Work request
Write out nothing except the lines of the entries below, from the first through the one containing "Akustik kazanım uygulama", exactly and without pictures.
[Opening Records provided section]
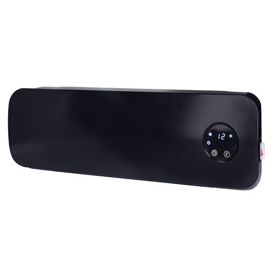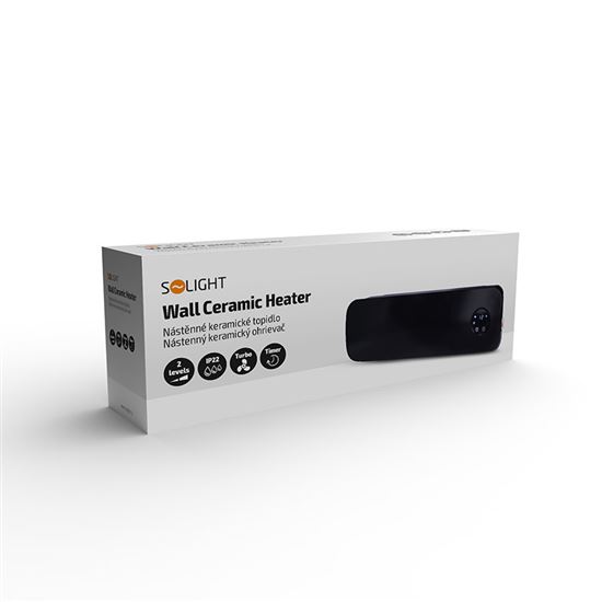 Keramické nástenné vykurovacie teleso, 2000 W, čierneKeramické nástenné vykurovacie teleso 2000 W s moderným dizajnom a displejom LED. Ponúka dva stupne výkonu (1000 W / 2000 W), ventilátor a časovač (týždenný + 24 h). Vďaka ochrane IP22 je odolný voči vlhkosti a vhodný do kúpeľní. Automatické vypnutie v prípade náhleho poklesu teploty chráni pred zbytočnou spotrebou. Diaľkové ovládanie pre maximálny komfort. Vhodný pre miestnosti s rozlohou do 20 m2. Farba: biela, napájanie 230 V/50 Hz.
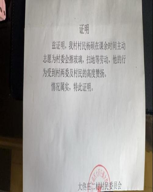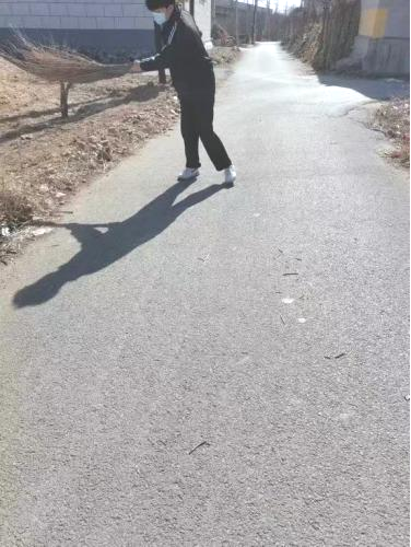 劳动中,杨硕同学不怕脏累,认真做好每一处清洁。村两委工作人员与前来办事的村民纷纷未志愿者们点赞。
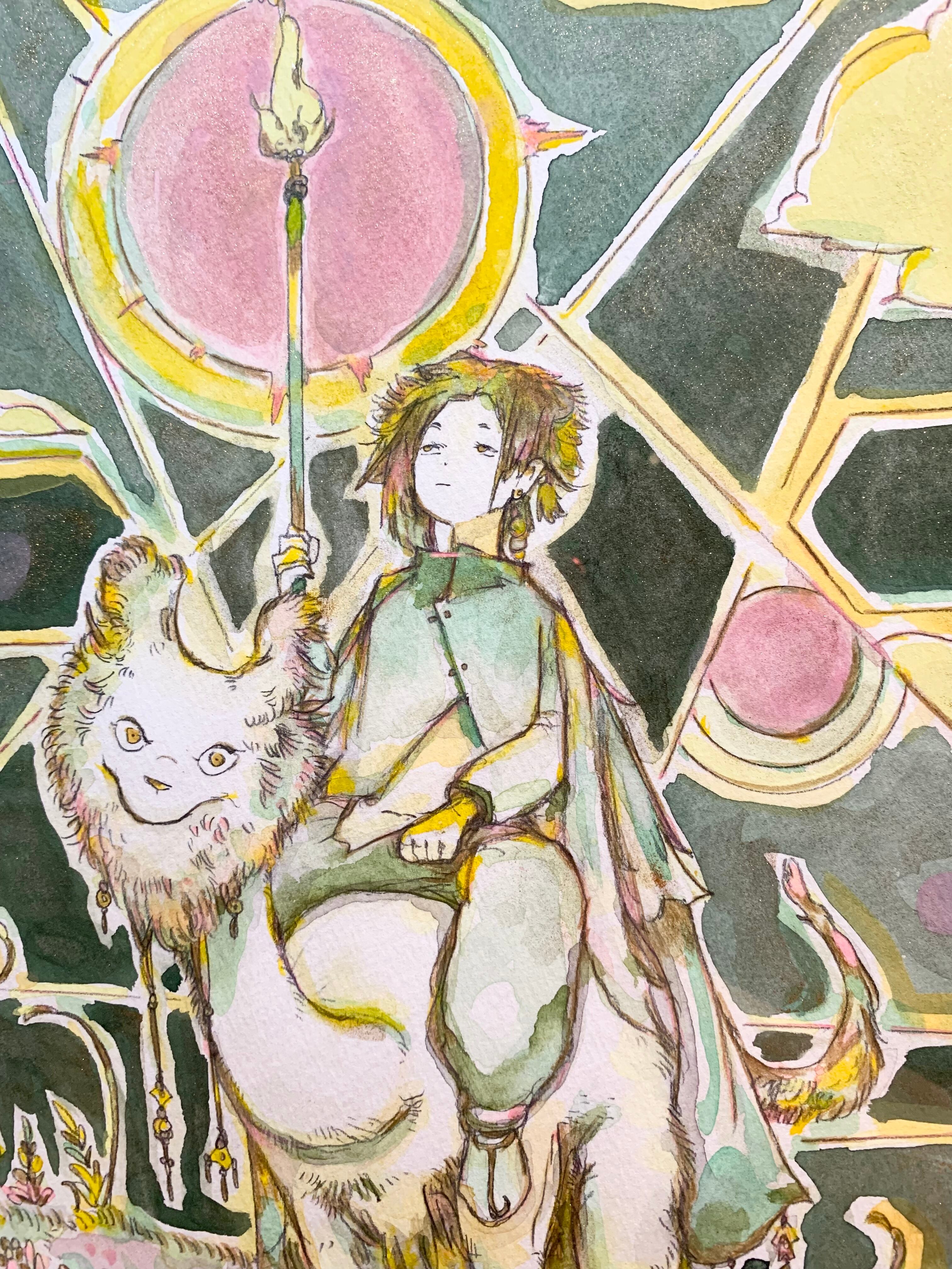 しかし表情は柔らかく威風堂々としています やり遂げた心の光のとして火を灯しています 何事もこの絵のような心構えでいたいなと思いこの絵を描きました
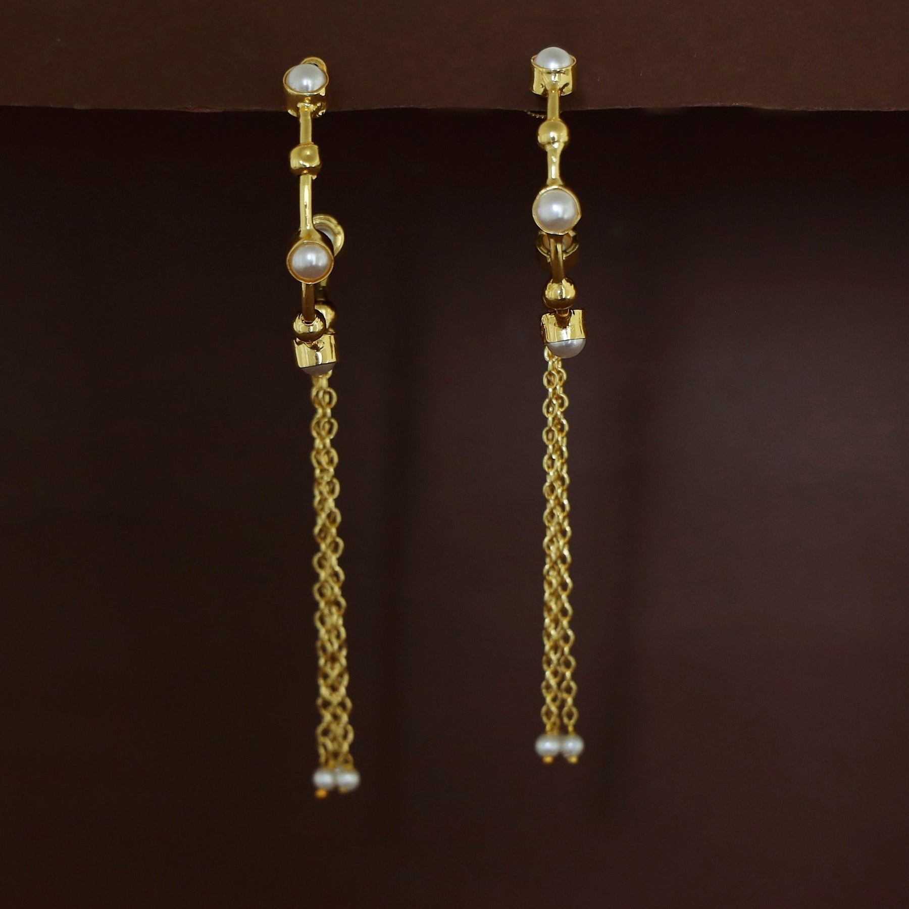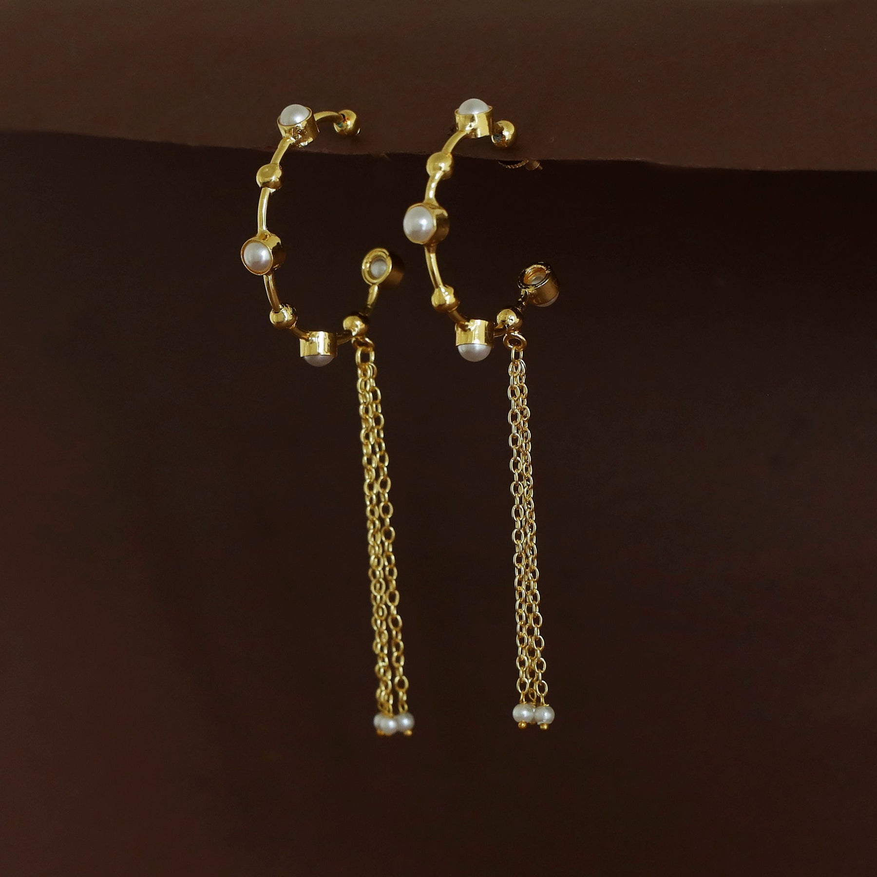 Golden Tetra Pearl Hanging Tri Chainy Hoop Earring
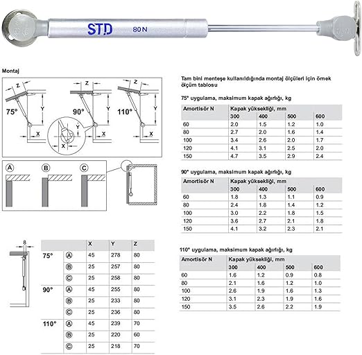 4 ADET STD Dolap Amortisörü Gazlı Piston Kapak Hidroliği 27 cm 80NUygunluk: 9 adet stokta
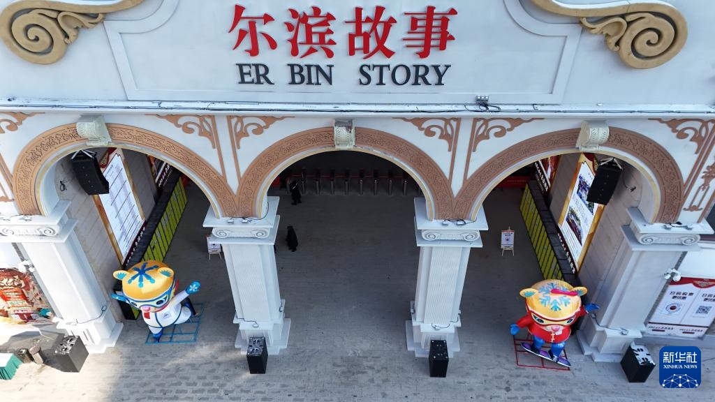 这是1月8日在哈尔滨道外区的中华巴洛克历史文化街区拍摄的亚冬会吉祥物“滨滨”(左)和“妮妮”(无人机照片)。
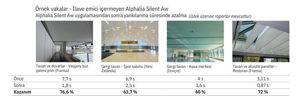 Akustik kazanım uygulama yerine, şekline, malzeme seçimine ve diğer malzemelerle bir araya gelişine göre farklılık gösterebilir. Aşağıda Alphalia Silent Aw ürünü için ölçümlerini yaptığımız bazı örnek vakaları inceleyebilirsiniz. Her bir durumda farklı bir yöntem ile akustik paneller yapıya uygulanmıştır.
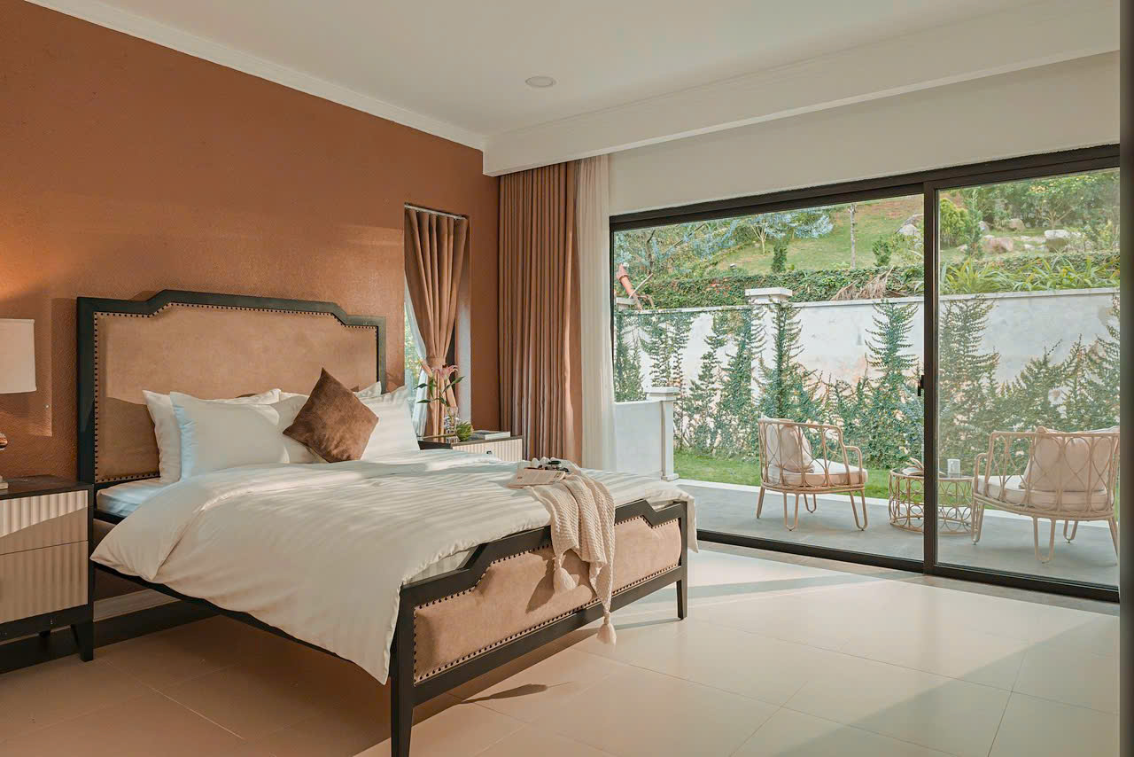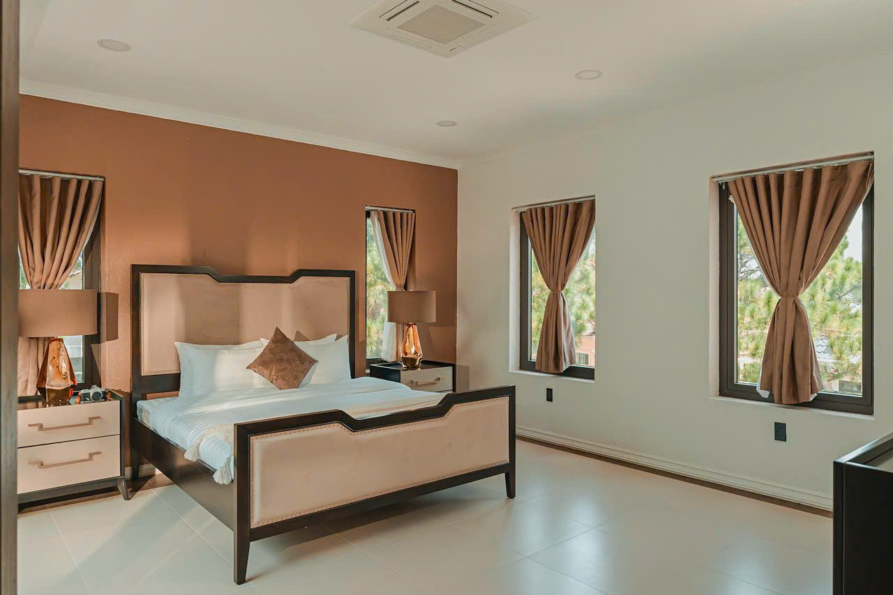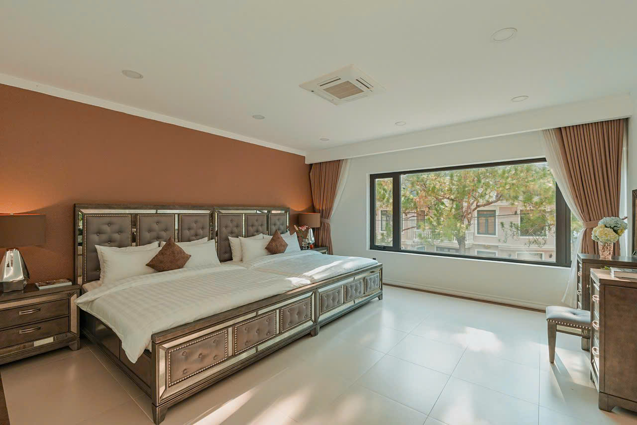 Với những đường nét kiến trúc sang trọng, thanh thoát theo tone màu trầm, Nội thất nhập khẩu cao cấp được lựa chọn tỉ mỉ. Phòng ngủ ấm cúng, sang trọng, tiện nghi.
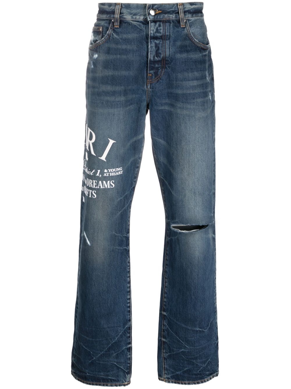 Arts District straight-leg jeans AMIRI takes an artful approach to classic denim in the Arts District jeans. They're printed with a bold contrasting logo at the straight leg and detailed with distressed knees and fading throughout. Highlights - Indigo blue - Cotton - Logo print to the front - Ripped detailing - Mid-rise - Belt loops - Front button fastening - Classic five pockets - Straight leg Made in Italy Composition Cotton 100% SIZE & FIT Model measurements Height 6 ft 0 in(1.84 m) Bust/Chest 34.64 in(88 cm) Hips 35.03 in(89 cm) Waist 27.95 in(71 cm) FittingInformation Designed with a straight leg, these jeans allow for an unrestricted and comfortable fit over the leg Sturdy and hard-wearing, this denim piece offers no stretch This piece fits true to size – take your usual size Measurement INSIDE LEG 35 in(88.9 cm) Hem Width 15.98 in(40.6 cm) FRONT RISE 12 in(30.5 cm) WAIST 32.99 in(83.8 cm) BACK RISE 14.01 in(35.6 cm) HIPS 40 in(101.6 cm) Washing instructions Dry Clean Only
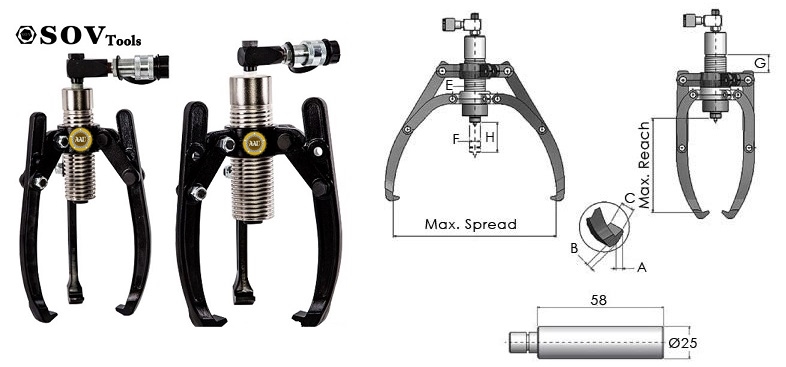 Cảo thủy lực SV16T12 là dòng cảo thủy lực rời bơm ( kết nối với bơm tay, bơm khí nén hoặc bơm điện thủy lực thông qua ống dây ) có sức kéo/đẩy 12 tấn, hành trình xi lanh 300 mm, độ mở chân cảo 515 mm, trọng lượng 11.5 kg.
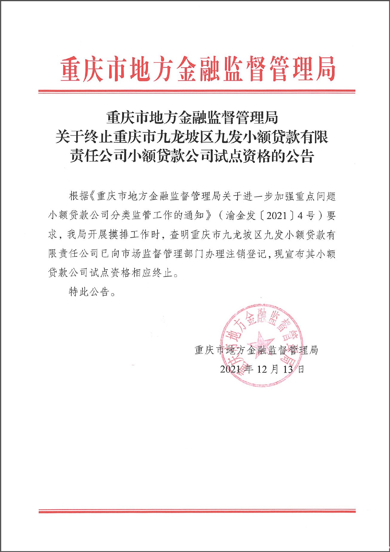 2026美加墨世界杯赛程表关于终止重庆市九龙坡区九发小额贷款有限责任公司小额贷款公司试点资格的公告
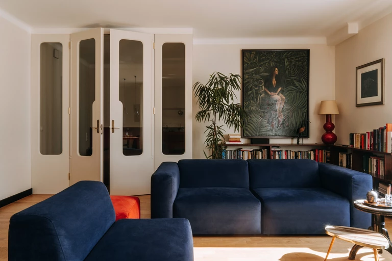 Ideą aranżacji było sprawienie, by gospodarze czuli się w mieszkaniu swobodnie. Mając to uwadze, architektka zaplanowała ustawienie w salonie mobilnych foteli, które można przemieszczać i tworzyć różne układy w zależności od sytuacji. Wiele mebli wykorzystano ponownie, w tym należące do właścicieli sofę, stół, krzesła i wyspę kuchenną, która wcześniej pełniła rolę biurka. Zaprojektowany cokół podniósł wyspę na odpowiednią wysokość, niezbędną do przyrządzania posiłków.
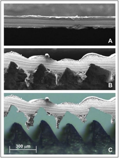 Microscopy of the films (scale bar 300 µm). (A) Scanning electron microscopy (SEM) image of the flat film. (B) SEM image of the microstructured film. (C) Photomontage between an optical image of the microstructured mold and a SEM image of the microstructured film.
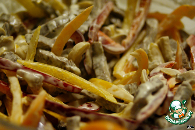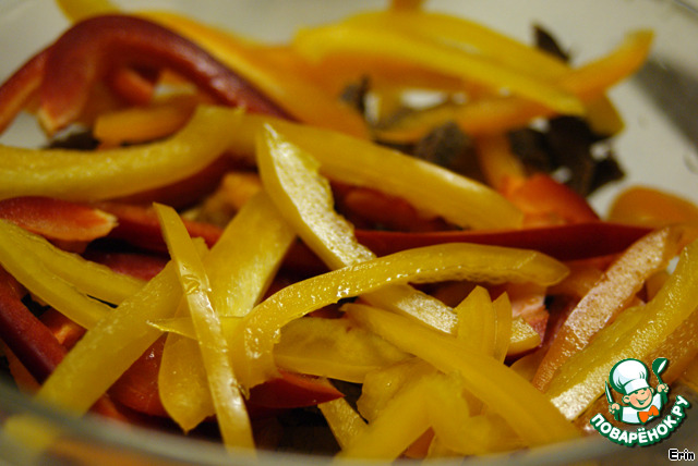 Такими же полосками режем перцы. Смешиваем с мясом.
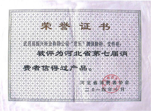 河北省消費(fèi)者信得過產(chǎn)品證書
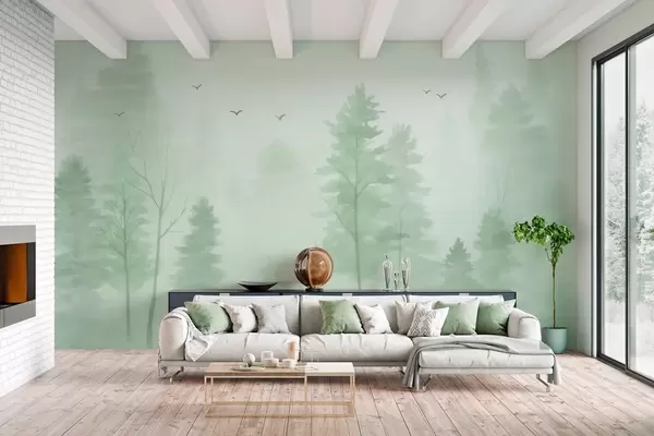 Фототапет аерофотография на гора в зелени тонове, изрисувана в акварелен стил Nr w04872v1
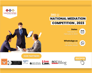 3rd LI National Mediation Competition 2023 is an online competition organized by LawInternships (The Online Law School). We had it’s 1st and 2nd chapter in the year 2020 and 2022 respectively with the vision to promote process of mediation to the young minds. With mediation gaining traction as an effective and efficient means of alternative dispute resolution, with the same inspiration LawInternships (The Online Law School) continuing the third chapter of National Mediation Competition. This competition will be conducted virtually allowing the students to hone their advocacy skills with respect to mediation. This Competition will provide an opportunity to the participants to develop the requisite skills for a dynamic process of Mediation. The competition invites participation either in team or as an individual.
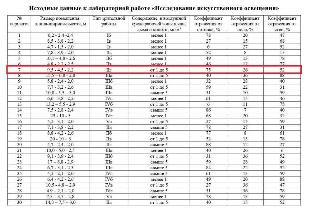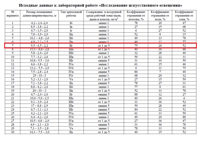 Рассчитать общее равномерное искусственное освещение для производственного помещения. Длина помещения, ширина, высота представлены в таблице. В помещении проводятся работы определенного разряда. В таблице также для каждого варианта представлено содержание в воздушной среде рабочей зоны пыли, дыма и копоти, коэффициенты отражения от потолка, стен и пола.
[Closing Records provided section]
Solution below
 Keramické nástenné vykurovacie teleso, 2000 W, čierneKeramické nástenné vykurovacie teleso 2000 W s moderným dizajnom a displejom LED. Ponúka dva stupne výkonu (1000 W / 2000 W), ventilátor a časovač (týždenný + 24 h). Vďaka ochrane IP22 je odolný voči vlhkosti a vhodný do kúpeľní. Automatické vypnutie v prípade náhleho poklesu teploty chráni pred zbytočnou spotrebou. Diaľkové ovládanie pre maximálny komfort. Vhodný pre miestnosti s rozlohou do 20 m2. Farba: biela, napájanie 230 V/50 Hz.
 劳动中,杨硕同学不怕脏累,认真做好每一处清洁。村两委工作人员与前来办事的村民纷纷未志愿者们点赞。
 しかし表情は柔らかく威風堂々としています やり遂げた心の光のとして火を灯しています 何事もこの絵のような心構えでいたいなと思いこの絵を描きました
 Golden Tetra Pearl Hanging Tri Chainy Hoop Earring
 4 ADET STD Dolap Amortisörü Gazlı Piston Kapak Hidroliği 27 cm 80NUygunluk: 9 adet stokta
 这是1月8日在哈尔滨道外区的中华巴洛克历史文化街区拍摄的亚冬会吉祥物“滨滨”(左)和“妮妮”(无人机照片)。
 Akustik kazanım uygulama yerine, şekline, malzeme seçimine ve diğer malzemelerle bir araya gelişine göre farklılık gösterebilir. Aşağıda Alphalia Silent Aw ürünü için ölçümlerini yaptığımız bazı örnek vakaları inceleyebilirsiniz. Her bir durumda farklı bir yöntem ile akustik paneller yapıya uygulanmıştır.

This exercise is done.